Jetzt soll mittels Provenienzforschung festgestellt werden, welche Schädel illegal hier sind. Herr Mboro blickt ratlos ins Publikum und sagt: „Sie haben die Leute umgebracht, den Toten die Schädel abgeschlagen und nach Europa verschifft. Was kann daran legal sein?“
Ester Utjiua Muinjangue aus Namibia kämpft um Anerkennung des Völkermordes, den die deutsche Kolonialmacht an Herero und Nama im ehemaligen Deutsch-Südwestafrika beging. Die Bundesrepublik weigert sich bis heute, mit Vertretern der namibischen Volksgruppen zu sprechen. Muinjangue verwies darauf, dass die Bundesrepublik sehr wohl mit jüdischen Überlebenden verhandle. Dass Deutschland nicht bereit sei, das auch mit Herero und Nama zu tun, sei Ausdruck eines tiefsitzenden Rassismus.

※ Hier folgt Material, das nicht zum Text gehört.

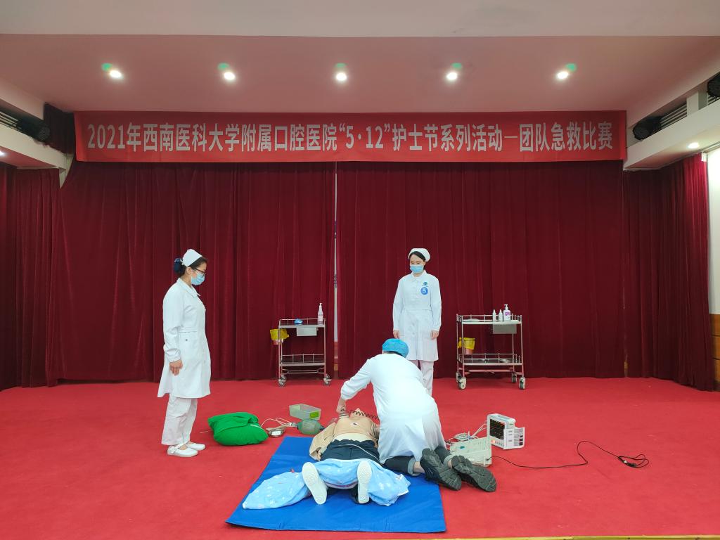 4月28日下午,附属口腔医院举办“纪念‘5.12’国际护士节系列活动——团队急救比赛”,旨在提高医院医护人员的紧急救治能力,增强团队协作精神,强化医护人员临床技能实践能力。

Eine politisch-moralische Frage
Bernardus Swartbooi, einer der Sprecher der Landlosen-Bewegung in Namibia, wies darauf hin, dass die Regierung Namibias kein Interesse habe, sich für die Herero und Nama einzusetzen. Sie setze sich aus Mitgliedern der Völker des Nordens Namibias zusammen, denen die Deutschen nicht einen Hektar Land geraubt hätten.
Solange die Bundesrepublik sich weigere, direkt mit den Herero und Nama zu verhandeln, sondern allein mit der Regierung in Windhoek, solange laufe für die alles bestens. Die Bundesregierung und die Regierung in Namibia seien sich einig darin, Herero und Nama auszuschließen.
Während die Tagung in der Akademie der Künste lief, erklärte der Namibia-Beauftragte der Bundesregierung Ruprecht Polenz im Deutschlandfunk: „Persönliche Entschädigungen können nicht infrage kommen.“ Die Aufarbeitung der Verbrechen deutscher Truppen in der Kolonialzeit sei eine politisch-moralische und nicht eine Rechtsfrage.
Juristische Aufarbeitung ist notwendig
Die Tagung zeigte, was man in Deutschland schon weiß: Die politisch-moralische Aufarbeitung ist abhängig von der juristischen. Ohne die Prozesse gegen Nazi-Verbrechen wären die womöglich in einer Schweigespirale verschwunden. Es hatte immer wieder Versuche gegeben, einen „Schluss-Strich“ zu ziehen.
Nichts anderes spielt sich heute vor unzähligen Gerichten ab. Bei dem jetzt möglich gewordenen Prozess, in dem Lumumbas Söhne den belgischen Staat beschuldigen, ihren Vater ermordet zu haben, spielt eine große Rolle, dass die Ermordung Lumumbas als Kriegsverbrechen betrachtet werden kann. Kriegsverbrechen haben andere Verjährungsfristen als ein Mord. Der wäre jetzt, nach 57 Jahren, verjährt.
Internationales Recht im Wandel
Die niederländische Juristin Liesbeth Zegveld ist Professorin für Kriegswiedergutmachung an der Universität Amsterdam. Sie vertrat u.a. Angehörige von Opfern des Massakers von Srebrenica in einem Verfahren gegen die Vereinten Nationen und die niederländische Regierung wegen des Verhaltens von UN-Blauhelm-Soldaten vor und während des Massakers.
Auf der Tagung berichtete sie über einen einzigen ihrer vielen Fälle: Am 9. Dezember 1947 ermordeten niederländische Kolonialtruppen mehr als 400 Männer des Dorfes Rawagede in West-Java. 2011 klagten neun Witwen. Es kam zu einer Einigung zwischen ihnen und den Niederlanden. Der Staat gestand seine Schuld ein, bat um Entschuldigung und zahlte jeder der Witwen 20.000 Euro Entschädigung. Die Kanzlei von Liesbeth Zegveld prüft jetzt, ob nicht Kinder auch Entschädigung einklagen können.
Es geht darum, Staatsverbrechen ebenso verfolgen zu können wie die Einzelner. Das Internationale Recht macht in dieser Auseinandersetzung eine Wandlung durch. Es wird vielerorts aus einem Mittel der Unterdrückung zu einem Werkzeug der Unterdrückten.